La mia piccola filosofia dei legami
Dei ricordi delle estati della mia infanzia vi ho già perlato qui. Guarda caso… è quasi passato un anno. La fine dell’estate è sempre stata per me fonte di riflessione oltre che l’occasione, da quando sono diventata grande, per far riaffiorare tutto il bello del passato.
Le mie riflessioni di quest’anno ripercorrono gli stessi punti di quelle dell’anno scorso, evidentemente c’era qualcosa di incompiuto, ma oggi sono riuscita a chiudere almeno un piccolo cerchio della mia esistenza.
Per spiegarvelo, parto da lontano…
C’è chi percepisce il fluire del tempo come una bella linea retta che, senza indugi, conduce alla meta. Altri lo vedono come un cerchio o una spirale, una giostra che gira e ci riporta al punto di partenza, o molto vicino, almeno.
Per me, invece, è una catena che si srotola lungo una linea che vorrebbe esser dritta ma non sempre ci riesce. A volte ha bisogno di ritornare un po’ indietro, allora si fa un bel giro all’incontrario e poi ricomincia, piano piano, a percorrere la sua strada. Una catena, dicevo, perché la vita è fatta di tanti episodi, tanti cerchi che ci insegnano qualcosa e danno un senso compiuto al nostro quotidiano. Tutti gli episodi sono legati come gli anelli di una catena, perché niente avviene per caso; magari questi cerchi non si chiudono subito, magari si attorcigliano formando un nodo, che è difficile da sbrogliare, ma nel frattempo la catena continua ad avanzare, se è libera di accogliere nuove esperienze, o si aggroviglia su se stessa, se ha bisogno di recuperare legami perduti.
Basta un lampo, un momento di consapevolezza, per scorgere i punti di connessione della nostra vita, i cerchi della catena. Ed è bello quando uno di questi lampi ci abbaglia e ci fa notare una meraviglia, ci tocca con una piccola scossa per destare la nostra attenzione. Si tratta di pura magia quando riusciamo a vedere davvero. E così a chiudere il cerchio.
Ma non divaghiamo oltre. Domenica faticavo in sella alla bicicletta, con il vento contro, ma ero decisa ad andare al paesino dove viveva mia nonna, quello delle mie estati, appunto; raggiunto un punto molto aperto, privo di barriere naturali, ho scorto davanti a me, all’improvviso, il massiccio del Monte Rosa.

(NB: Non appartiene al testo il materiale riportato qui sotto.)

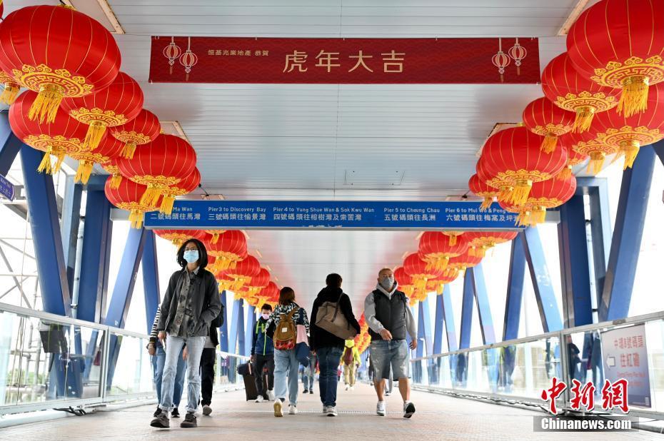 春节将近,香港新春气氛渐浓。1月18日,香港中环国际金融中心二期外的连接中环码头的天桥上挂满大红灯笼,迎接虎年新春。图为天桥上挂满大红灯笼。中新社记者 李志华 摄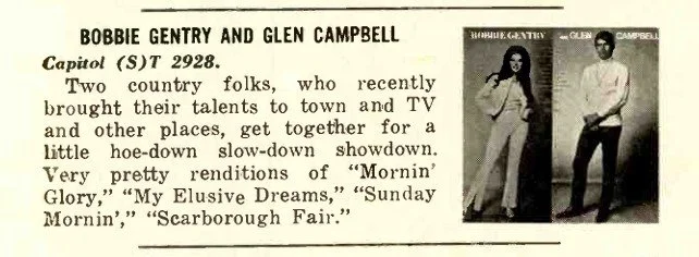 “Taken separately, Bobbie Gentry and Glen Campbell are each gifted with an agreeable, easy charm and disciplined expertise. Together they are devastating,” continued the review.

Ecco il lampo: quelle estati passate tra gli ampi orizzonti dei viaggi in roulotte, i cui ingredienti erano libertà e avventura, e gli orizzonti più modesti di un paesino del Piemonte, il cui tempo era scandito dai rintocchi delle campane, riemergono nei miei desideri di scoperta, che si accorciano, adesso, sempre di più. Dopo anni passati alla scoperta del lontano, ora mi piace l’idea di esplorare il vicino, perché, se i vasti orizzonti hanno una suggestione struggente e insegnano ad accettare, capire, accogliere ciò che è diverso da noi, gli orizzonti più piccoli sanno regalare intense emozioni, perché parlano del passato, delle radici, del nostro Io più profondo.
Il cerchio che si era aperto con il tempo lento scandito dai rintocchi delle campane della mia infanzia si è chiuso nella piazza di un paesino della Bretagna, con un’altra chiesa, altre campane, e lo stesso desiderio di un ritmo lento, che si prende cura della bellezza del quotidiano. 1200 chilometri di distanza solo sulla carta.
Ora che ho capito che il vicino e il lontano fanno parte dello stesso orizzonte, che posso trovare l’uno nell’altro e fondere la magia… ora, posso viaggiare felice anche a chilometro zero, perché ogni terra racchiude un passato fatto di legami e connessioni. Tutte da scoprire.